───── Supplied information ─────

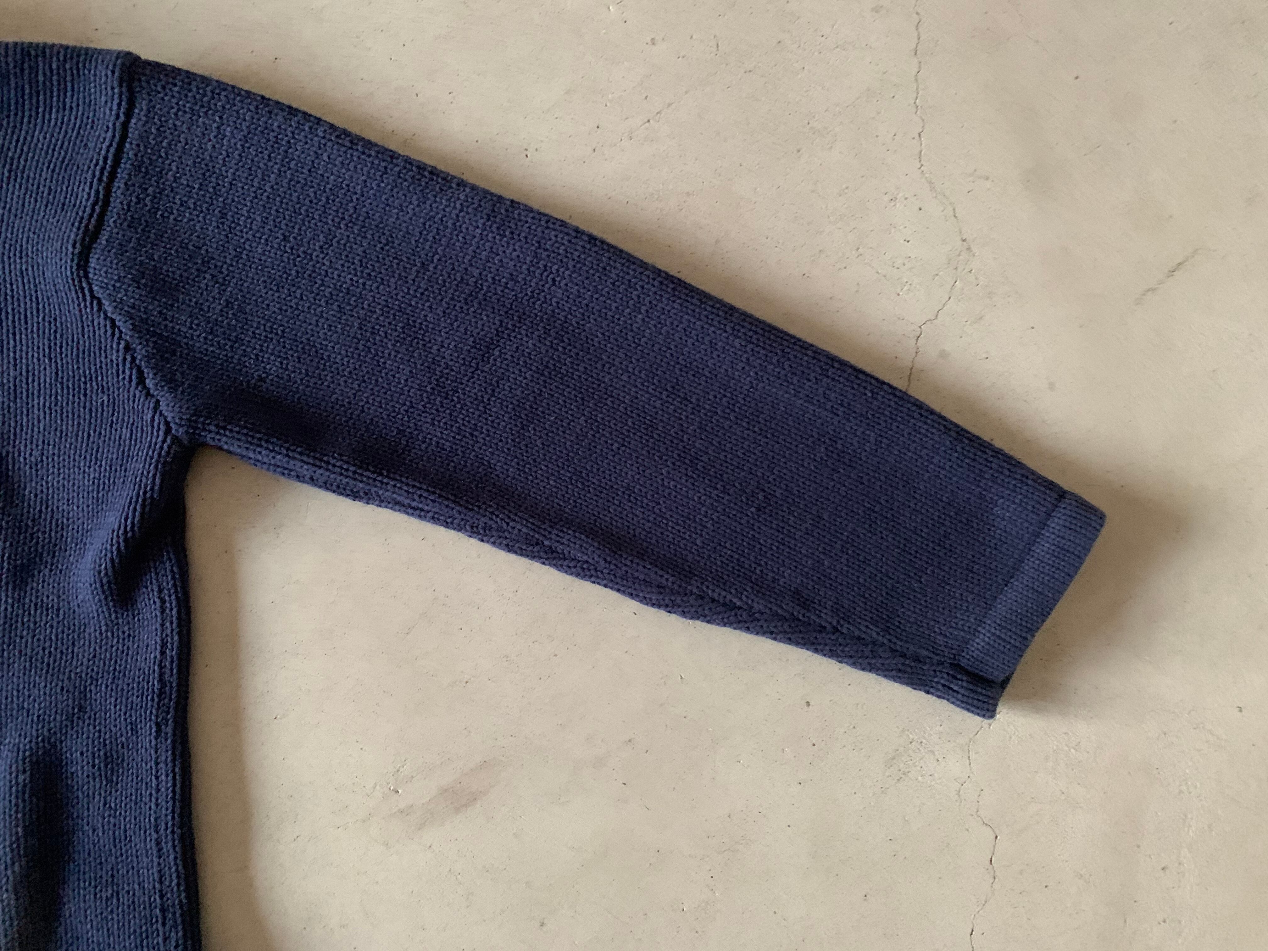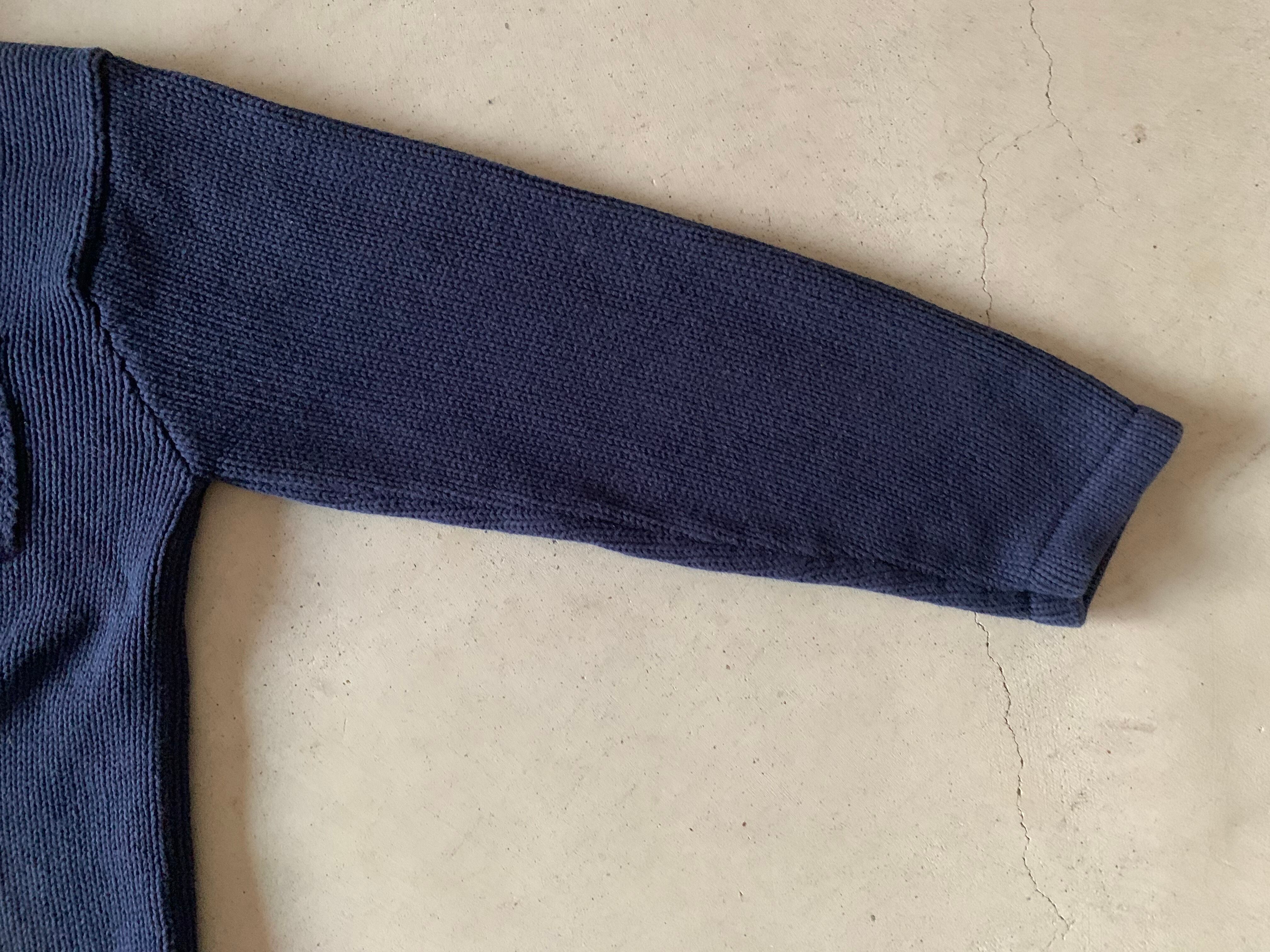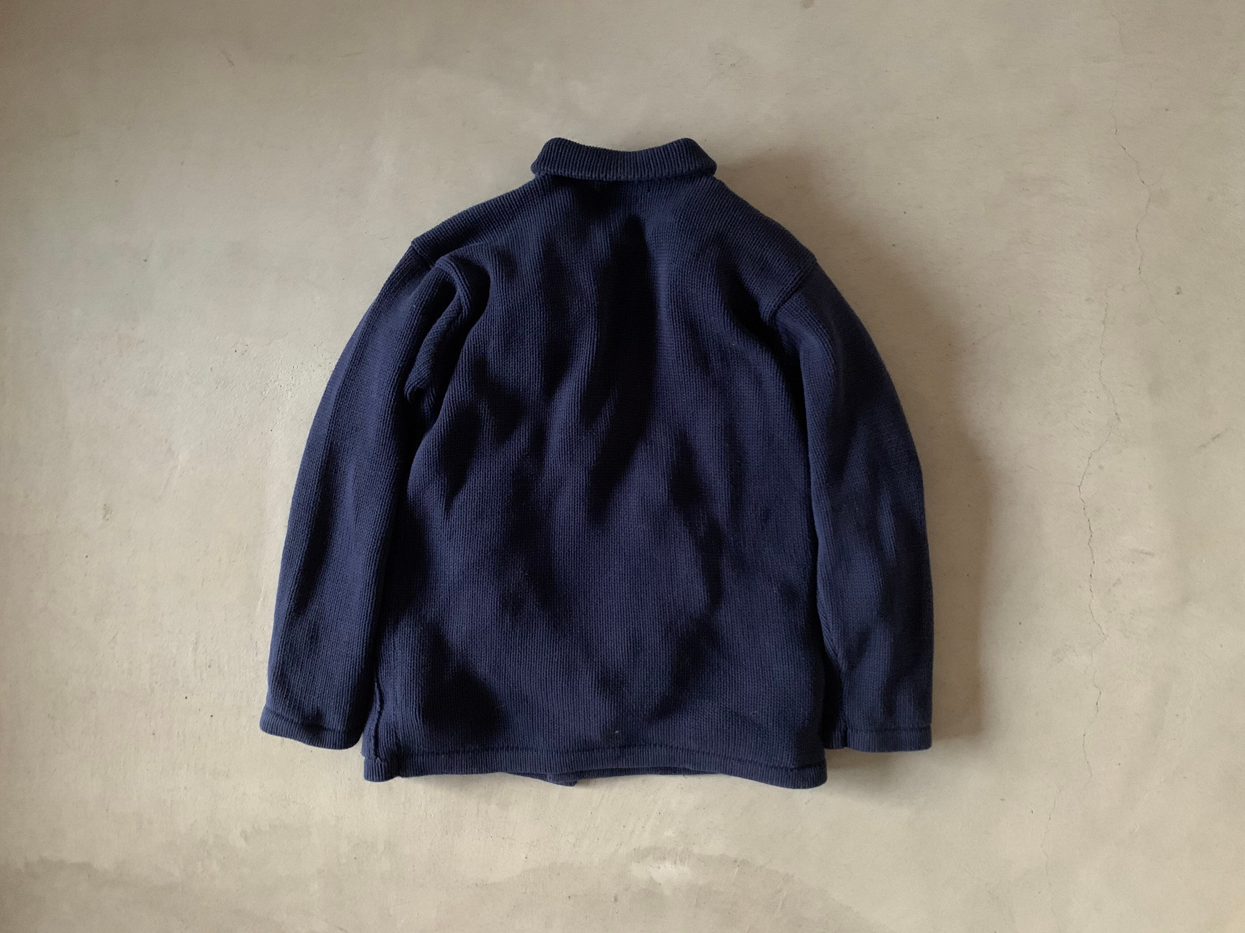 ダブルのジャケットのようなカッチリした雰囲気ですが、コットンニットのリラックス感あふれる一枚です。
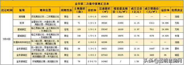 金华5月18日出让的8宗土地中,除去单宗纯安置地,去除无偿配建幼儿园、无偿配建人才房等因素,计算住宅限价与实际成交楼面价的价差,平均值为5717元/㎡。
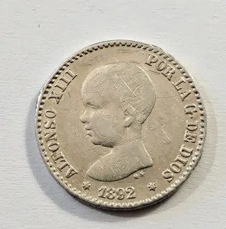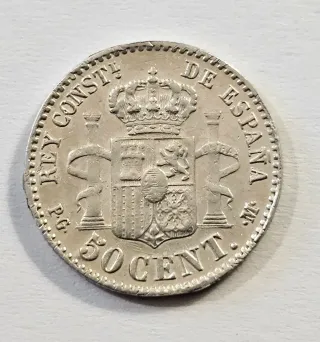 Moneta da 50 centesimi di Spagna del 1892, con l'effigie di Alfonso XIII. - Anno: 1892 - Valore: 50 Centesimi - Paese: Spagna - Sovrano: Alfonso XIII
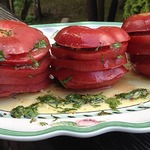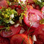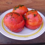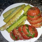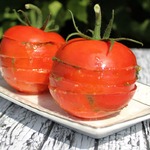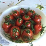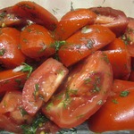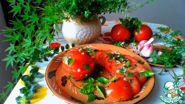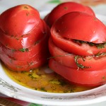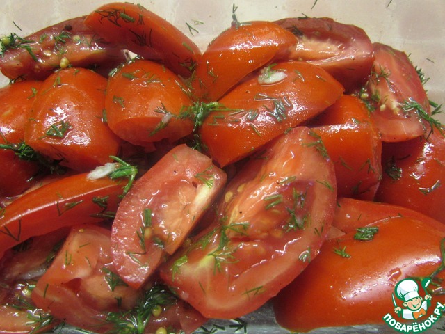Помидоры быстрые, вкус малосольных помидоров за полчаса. Говорят, что европейцы не консервируют овощи как мы, поэтому популярностью пользуются рецепты блюд быстрого приготовления. Очень освежающие, подходят как закуска, да и как гарнир. Моим очень нравится, друзья и мои знакомые частенько просят рецепт.
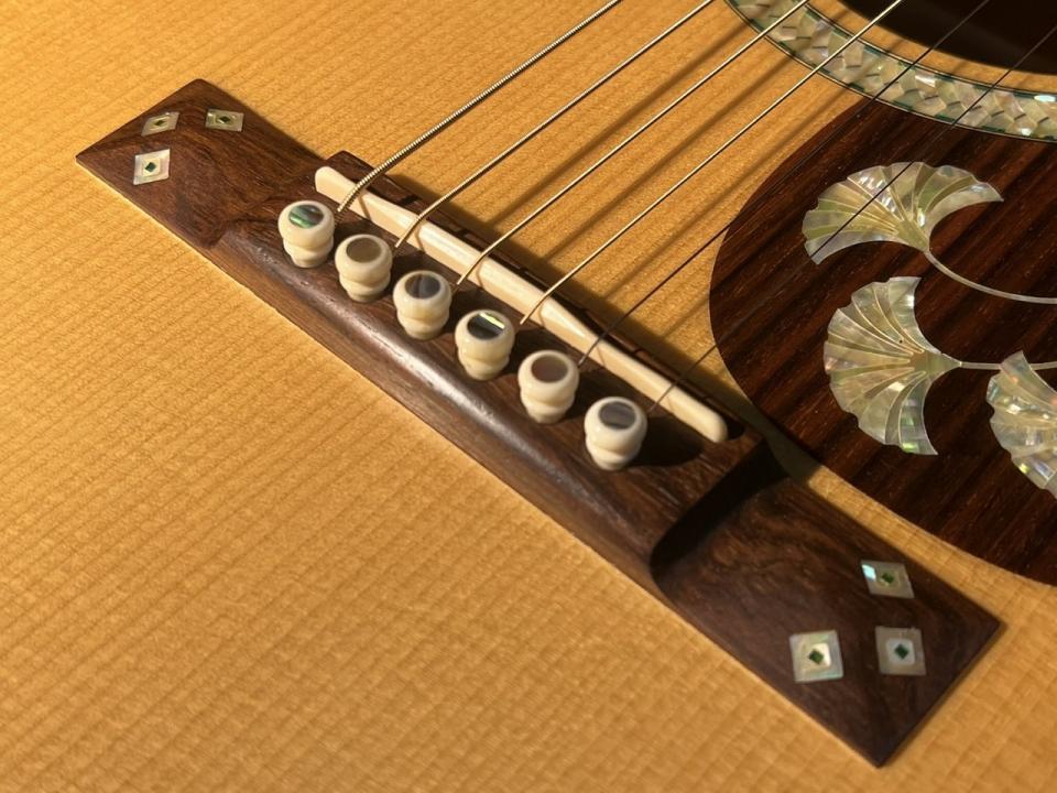 「美しさ」は視覚だけでなく放たれるそのサウンド!一人でオーケストラ演奏をしているかのような芳醇で深みと艶、OMモデルならではのロングスケールは000サイズとは思えない音量と拡がり。正に「いつまでも弾いていたい」と思わせてくれる逸品です。

─────

Write out the data exactly, and exclude every picture it holds.

 ダブルのジャケットのようなカッチリした雰囲気ですが、コットンニットのリラックス感あふれる一枚です。
 金华5月18日出让的8宗土地中,除去单宗纯安置地,去除无偿配建幼儿园、无偿配建人才房等因素,计算住宅限价与实际成交楼面价的价差,平均值为5717元/㎡。
 Moneta da 50 centesimi di Spagna del 1892, con l'effigie di Alfonso XIII. - Anno: 1892 - Valore: 50 Centesimi - Paese: Spagna - Sovrano: Alfonso XIII
Помидоры быстрые, вкус малосольных помидоров за полчаса. Говорят, что европейцы не консервируют овощи как мы, поэтому популярностью пользуются рецепты блюд быстрого приготовления. Очень освежающие, подходят как закуска, да и как гарнир. Моим очень нравится, друзья и мои знакомые частенько просят рецепт.
 「美しさ」は視覚だけでなく放たれるそのサウンド!一人でオーケストラ演奏をしているかのような芳醇で深みと艶、OMモデルならではのロングスケールは000サイズとは思えない音量と拡がり。正に「いつまでも弾いていたい」と思わせてくれる逸品です。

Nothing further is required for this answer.